To do
Starting at the line that contains "在大樓門口就有SPACE SKIN CARE的優惠廣告啦" in the listing below, write out every line word for word until you have written the line that contains "魚や貝類など様々な魚介を加工".

Data records
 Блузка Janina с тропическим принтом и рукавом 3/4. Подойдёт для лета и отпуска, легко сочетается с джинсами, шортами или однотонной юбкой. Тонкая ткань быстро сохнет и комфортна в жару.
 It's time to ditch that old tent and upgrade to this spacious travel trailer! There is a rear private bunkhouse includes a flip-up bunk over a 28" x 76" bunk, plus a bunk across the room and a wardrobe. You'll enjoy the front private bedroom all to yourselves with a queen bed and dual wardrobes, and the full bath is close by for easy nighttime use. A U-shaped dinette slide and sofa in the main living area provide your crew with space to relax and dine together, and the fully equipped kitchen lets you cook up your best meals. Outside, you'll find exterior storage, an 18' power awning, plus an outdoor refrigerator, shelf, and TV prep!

---

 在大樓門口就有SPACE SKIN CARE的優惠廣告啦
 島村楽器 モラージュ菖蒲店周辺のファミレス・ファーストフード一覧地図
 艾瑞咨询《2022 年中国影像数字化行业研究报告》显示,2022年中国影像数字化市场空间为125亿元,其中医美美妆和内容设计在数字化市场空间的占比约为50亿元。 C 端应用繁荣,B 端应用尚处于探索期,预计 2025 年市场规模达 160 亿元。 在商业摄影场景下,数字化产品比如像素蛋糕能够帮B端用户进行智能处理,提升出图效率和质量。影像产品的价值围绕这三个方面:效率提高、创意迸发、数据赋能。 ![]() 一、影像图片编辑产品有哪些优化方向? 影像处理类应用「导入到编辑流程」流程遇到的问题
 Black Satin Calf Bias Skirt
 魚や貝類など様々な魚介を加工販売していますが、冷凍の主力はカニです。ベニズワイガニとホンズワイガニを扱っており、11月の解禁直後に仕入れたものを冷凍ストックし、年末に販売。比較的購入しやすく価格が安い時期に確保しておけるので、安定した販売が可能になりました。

Problem solution
 在大樓門口就有SPACE SKIN CARE的優惠廣告啦
 島村楽器 モラージュ菖蒲店周辺のファミレス・ファーストフード一覧地図
 艾瑞咨询《2022 年中国影像数字化行业研究报告》显示,2022年中国影像数字化市场空间为125亿元,其中医美美妆和内容设计在数字化市场空间的占比约为50亿元。 C 端应用繁荣,B 端应用尚处于探索期,预计 2025 年市场规模达 160 亿元。 在商业摄影场景下,数字化产品比如像素蛋糕能够帮B端用户进行智能处理,提升出图效率和质量。影像产品的价值围绕这三个方面:效率提高、创意迸发、数据赋能。 ![]() 一、影像图片编辑产品有哪些优化方向? 影像处理类应用「导入到编辑流程」流程遇到的问题
 Black Satin Calf Bias Skirt
 魚や貝類など様々な魚介を加工販売していますが、冷凍の主力はカニです。ベニズワイガニとホンズワイガニを扱っており、11月の解禁直後に仕入れたものを冷凍ストックし、年末に販売。比較的購入しやすく価格が安い時期に確保しておけるので、安定した販売が可能になりました。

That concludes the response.